Initiative to name NYC street for Russian-American writer gains momentum

An online petition is circulating to name a street in New York City after the Russian-American writer Sergei Dovlatov, who lived in the city for 11 years.

An online petition is circulating to name a street in New York City after the Russian-American writer Sergei Dovlatov, who lived in the city for 11 years. So far the petition to rename 63rd Drive in the Forest Hills neighborhood of Queens, where Dovlatov lived from 1979-1990, has more than 9600 signatures.
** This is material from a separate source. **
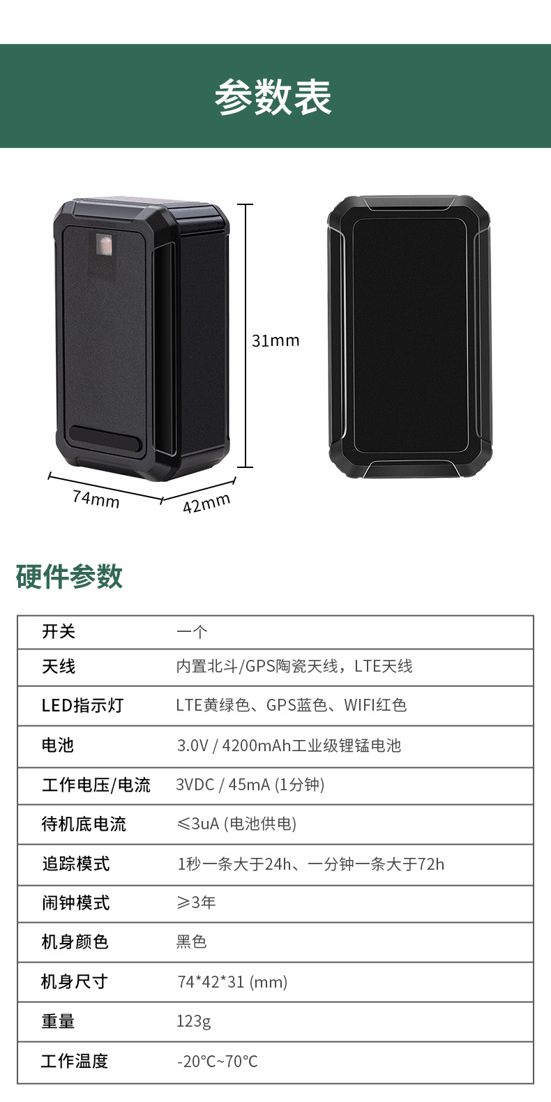 产品规格:74(L)X42(W)X31(H)(mm)

If the initiative is successful, Sergei Dovlatov Way will become the first street named for a Russian writer in New York.

Dovlatov immigrated to the United States from the Soviet Union because he had no chance of publishing his work there. While living in New York, he edited "The New American," a liberal, Russian-language émigré newspaper and later he was a regular contributor to the New Yorker.

In his apartment on 63rd Drive, Dovlatov wrote his most famous books. The Zone (1982), The Compromise (1983), Ours: A Family Album (1989), The Suitcase (1990) and A Foreign Woman (1991) have been translated into English. Another of his works, Zapovednik, will appear in English for the first time in March 2014 as Pushkin Hills. The book was translated by the writer’s daughter Katherine Dovlatov. Pushkin Hills will be the first new translation of Dovlatov’s work in 23 years. 

In his book A Foreign Woman, Dovlatov wrote about the Russian community where he lived in Forest Hills. His widow still lives in this apartment, maintaining his archive and workspace, in the Russian tradition of creating “house museums” dedicated to writers and poets.

A memorial plaque will be hung on Dovlatov’s apartment building in the spring; other plaques to the writer already exist in St. Petersburg, Ufa and Tallinn, Estonia.

The petition needs to collect another 10,400 signatures before the New York City government will consider adding “Sergei Dovlatov Way” to the 63rd Drive street sign.